* [Data shown]:

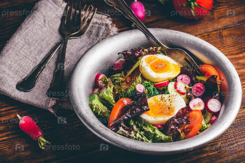 Свежий весенний салат с домашними овощами и вареными яйцами
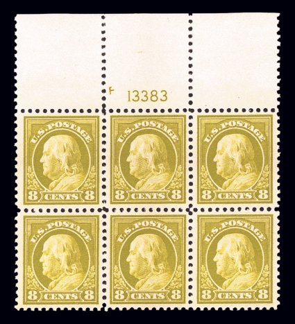 60 ogPB 508 image#508, 8c Olive bister, full top margin plate no. F 13383 block of six, rich luxuriant color and a strong impression, bright and fresh overall, well centered, o.g., five stamps n.h., bottom center stamp with barest trace of hinging, extremely fine; a particularly attractive and choice plate block. (Image) $140.00
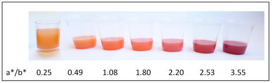 To more profoundly study the relation between the rind and pulp colour, the frequency distribution histogram was obtained (Figure 3). To help interpretate these data, a juice colour scale was developed in this study (Figure 4). Bars in the histogram (Figure 3) represent the percentages of juice samples (y-axis) within a certain range of a*/b* values (X-axis). A similar distribution was detected in the three orchards under study. The fruit with slight rind pigmentation (P1) displayed wide pulp pigmentation variability, with a*/b* values ranging between 0.25 and 2.25 (Orchard 1) and between 0.25 and 3.75 (Orchard 2). As observed in Figure 4, these values correspond to the fruit with orange pulp and red-coloured pulp, respectively. In the fruit with rind colour P2, variability was narrower than in P1, as pulp colour was generally more pigmented, and most of the samples had a*/b* values that fell within the range of 1.25–2.50 (Figure 3). In the P3 group, no juice with a*/b* values lower than 1.25 was detected, and most samples concentrated a*/b* values between 2 and 2.75, which corresponded to deep red juice. Finally, the most rind-pigmented fruit (P4) obtained pulp a*/b* values between 1.50 and 3, which were once again related to deep pigmented pulp (Figure 4). Therefore, it can be stated that, although certain intra- and inter- orchard variabilities can be expected, the more pigmented the skin colour is, the higher the probability of finding fruit with a deep red pulp.
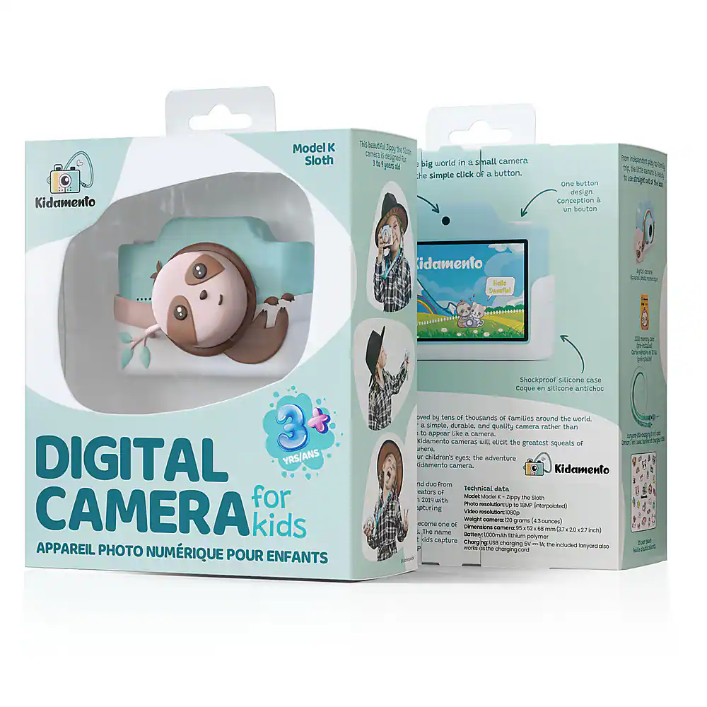 The Kidamento Model K is the perfect camera for kids aged 3 to 9. This innovative children’s digital camera is the ultimate gear for little budding photographers. Zippy the Sloth, featuring a brightly coloured sloth animal design, brings joy and excitement to every photo adventure and will be sure to add that extra element of fun.
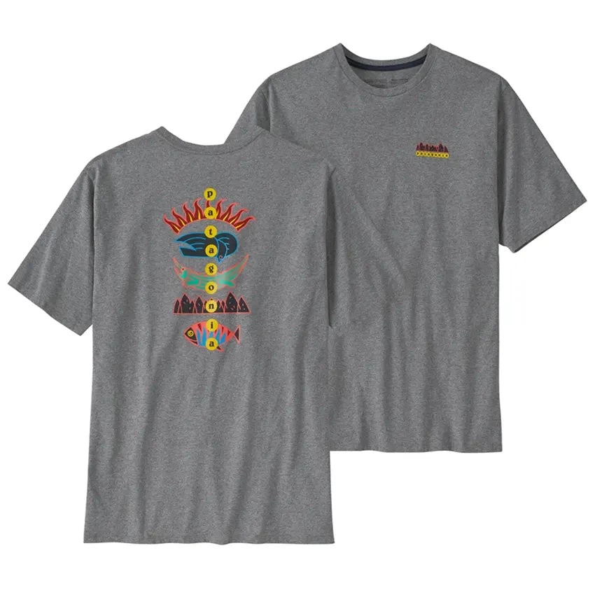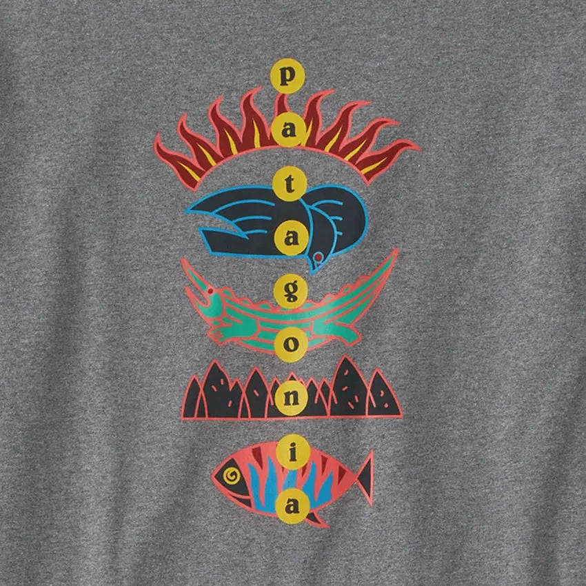 This tee’s artwork is a reissue of a classic graphic from Patagonia’s Spring/Summer 1994 line. The Patagonia name holds together symbols of the outdoor places they love and don’t take for granted. By utilising fabric scraps and recycled bottles, this 100% recycled garment reduces the reliance on virgin raw materials and is made in a Fair Trade Certifiedâ„¢ factory.
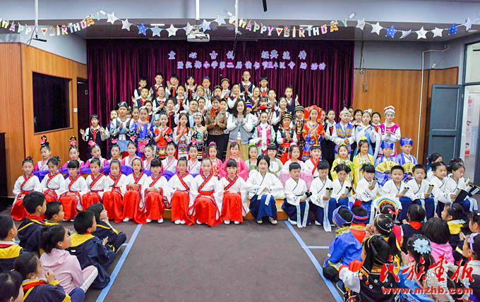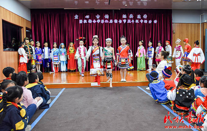 同一天下午,一場(chǎng)精彩的T臺(tái)秀在上海市閔行區(qū)梅隴鎮(zhèn)弘梅小學(xué)上演。小學(xué)生們身著民族服裝亮相,動(dòng)感的音樂、精彩的表演,將“民族團(tuán)結(jié)一家親”的理念演繹得生動(dòng)活潑。學(xué)校布置的民族文化墻上,展示了我國56個(gè)民族的風(fēng)土人情,營造了多姿多彩的民族文化氛圍,讓民族特色文化陪伴在學(xué)生身邊。
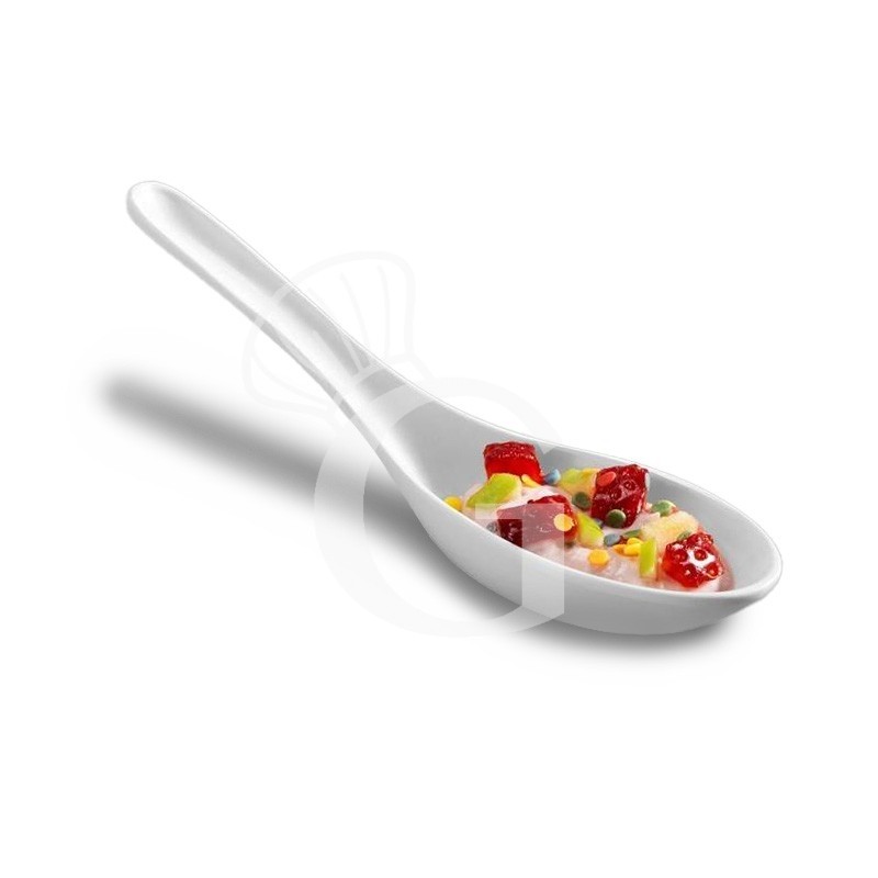 Cuchara individual de melamina, una resina sintética que se endurece y toma forma tras el calentamiento. Es un material recomendado y utilizado para los servicios de mesa y buffet.
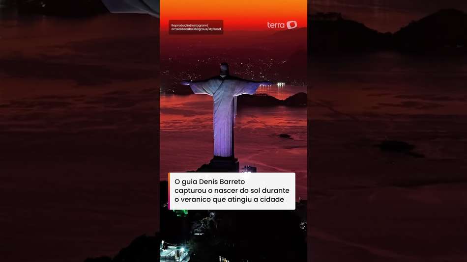O Rio de Janeiro continua lindo! O guia Denis Barreto capturou, com a ajuda de um drone, imagens das primeiras luzes do dia refletindo no Cristo Redentor. O registro de tirar o fôlego foi feito no dia 23 de agosto, enquanto a região passava por um veranico, a onda de calor em pleno inverno. As imagens do céu pintado em tons alaranjados encantou internautas e viralizaram: "Coração fica quentinho". #TerraVídeos @arraialdocabo360graus (ig) | @myhoodbr
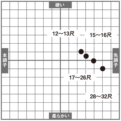 12~16尺 | 特にシビアな時期の沖目狙いの浅棚セットや微妙な誘いが要求される抜きチョウチンや段底など年々軽量中尺アイテムの需要は高まっている。中尺軽量アイテムはその振り調子と先軽さにより、一度手にすると従来の竿に戻れなくなる魅力がある。特に今回15尺は4継化されたことで、より攻撃的な攻めが可能なシャープな振り心地を得ている。 |
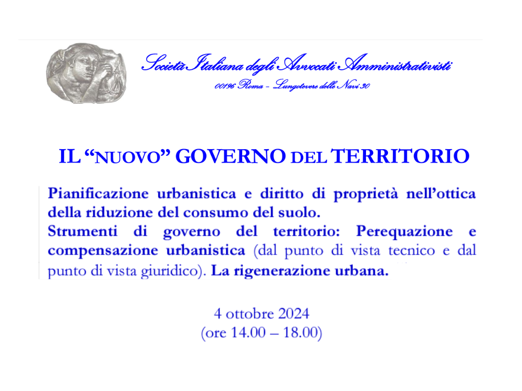 A partire da venerdì 27 settembre, la Società Italiana degli Avvocati Amministrativisti ha organizzato un corso su Il “nuovo” Governo del territorio. Cinque le sessioni previste da seguire in videoconferenza “da remoto”, in modalità FAD (Formazione a Distanza – videoconferenza in diretta streaming) e in presenza presso la sede della SIAA, a Roma. Il programma dei corsi e i moduli online per le iscrizioni sono disponibili sul sito della Società Italiana degli Avvocati Amministrativisti (www.siaaitalia.it). Per qualsiasi ulteriore informazione scrivere una mail a segreteria@siaaitalia.it oppure contattare il 349-1530432
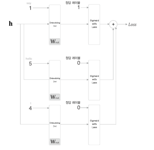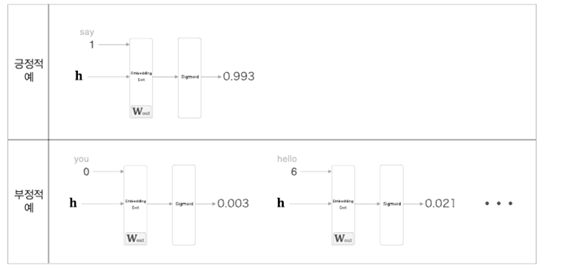 - 네거티브 샘플링은 부정적 예를 몇 개 샘플링한느 기법으로, 이를 이요하면 다중 분류를 이진 분류처럼 취급

* [Task to complete]: Retype every entry exactly as written, but omit the pictures.

* [Result for this task]:
 Свежий весенний салат с домашними овощами и вареными яйцами
 60 ogPB 508 image#508, 8c Olive bister, full top margin plate no. F 13383 block of six, rich luxuriant color and a strong impression, bright and fresh overall, well centered, o.g., five stamps n.h., bottom center stamp with barest trace of hinging, extremely fine; a particularly attractive and choice plate block. (Image) $140.00
 To more profoundly study the relation between the rind and pulp colour, the frequency distribution histogram was obtained (Figure 3). To help interpretate these data, a juice colour scale was developed in this study (Figure 4). Bars in the histogram (Figure 3) represent the percentages of juice samples (y-axis) within a certain range of a*/b* values (X-axis). A similar distribution was detected in the three orchards under study. The fruit with slight rind pigmentation (P1) displayed wide pulp pigmentation variability, with a*/b* values ranging between 0.25 and 2.25 (Orchard 1) and between 0.25 and 3.75 (Orchard 2). As observed in Figure 4, these values correspond to the fruit with orange pulp and red-coloured pulp, respectively. In the fruit with rind colour P2, variability was narrower than in P1, as pulp colour was generally more pigmented, and most of the samples had a*/b* values that fell within the range of 1.25–2.50 (Figure 3). In the P3 group, no juice with a*/b* values lower than 1.25 was detected, and most samples concentrated a*/b* values between 2 and 2.75, which corresponded to deep red juice. Finally, the most rind-pigmented fruit (P4) obtained pulp a*/b* values between 1.50 and 3, which were once again related to deep pigmented pulp (Figure 4). Therefore, it can be stated that, although certain intra- and inter- orchard variabilities can be expected, the more pigmented the skin colour is, the higher the probability of finding fruit with a deep red pulp.
 The Kidamento Model K is the perfect camera for kids aged 3 to 9. This innovative children’s digital camera is the ultimate gear for little budding photographers. Zippy the Sloth, featuring a brightly coloured sloth animal design, brings joy and excitement to every photo adventure and will be sure to add that extra element of fun.
 This tee’s artwork is a reissue of a classic graphic from Patagonia’s Spring/Summer 1994 line. The Patagonia name holds together symbols of the outdoor places they love and don’t take for granted. By utilising fabric scraps and recycled bottles, this 100% recycled garment reduces the reliance on virgin raw materials and is made in a Fair Trade Certifiedâ„¢ factory.
 同一天下午,一場(chǎng)精彩的T臺(tái)秀在上海市閔行區(qū)梅隴鎮(zhèn)弘梅小學(xué)上演。小學(xué)生們身著民族服裝亮相,動(dòng)感的音樂、精彩的表演,將“民族團(tuán)結(jié)一家親”的理念演繹得生動(dòng)活潑。學(xué)校布置的民族文化墻上,展示了我國56個(gè)民族的風(fēng)土人情,營造了多姿多彩的民族文化氛圍,讓民族特色文化陪伴在學(xué)生身邊。
 Cuchara individual de melamina, una resina sintética que se endurece y toma forma tras el calentamiento. Es un material recomendado y utilizado para los servicios de mesa y buffet.
O Rio de Janeiro continua lindo! O guia Denis Barreto capturou, com a ajuda de um drone, imagens das primeiras luzes do dia refletindo no Cristo Redentor. O registro de tirar o fôlego foi feito no dia 23 de agosto, enquanto a região passava por um veranico, a onda de calor em pleno inverno. As imagens do céu pintado em tons alaranjados encantou internautas e viralizaram: "Coração fica quentinho". #TerraVídeos @arraialdocabo360graus (ig) | @myhoodbr
 12~16尺 | 特にシビアな時期の沖目狙いの浅棚セットや微妙な誘いが要求される抜きチョウチンや段底など年々軽量中尺アイテムの需要は高まっている。中尺軽量アイテムはその振り調子と先軽さにより、一度手にすると従来の竿に戻れなくなる魅力がある。特に今回15尺は4継化されたことで、より攻撃的な攻めが可能なシャープな振り心地を得ている。 |
 A partire da venerdì 27 settembre, la Società Italiana degli Avvocati Amministrativisti ha organizzato un corso su Il “nuovo” Governo del territorio. Cinque le sessioni previste da seguire in videoconferenza “da remoto”, in modalità FAD (Formazione a Distanza – videoconferenza in diretta streaming) e in presenza presso la sede della SIAA, a Roma. Il programma dei corsi e i moduli online per le iscrizioni sono disponibili sul sito della Società Italiana degli Avvocati Amministrativisti (www.siaaitalia.it). Per qualsiasi ulteriore informazione scrivere una mail a segreteria@siaaitalia.it oppure contattare il 349-1530432
 - 네거티브 샘플링은 부정적 예를 몇 개 샘플링한느 기법으로, 이를 이요하면 다중 분류를 이진 분류처럼 취급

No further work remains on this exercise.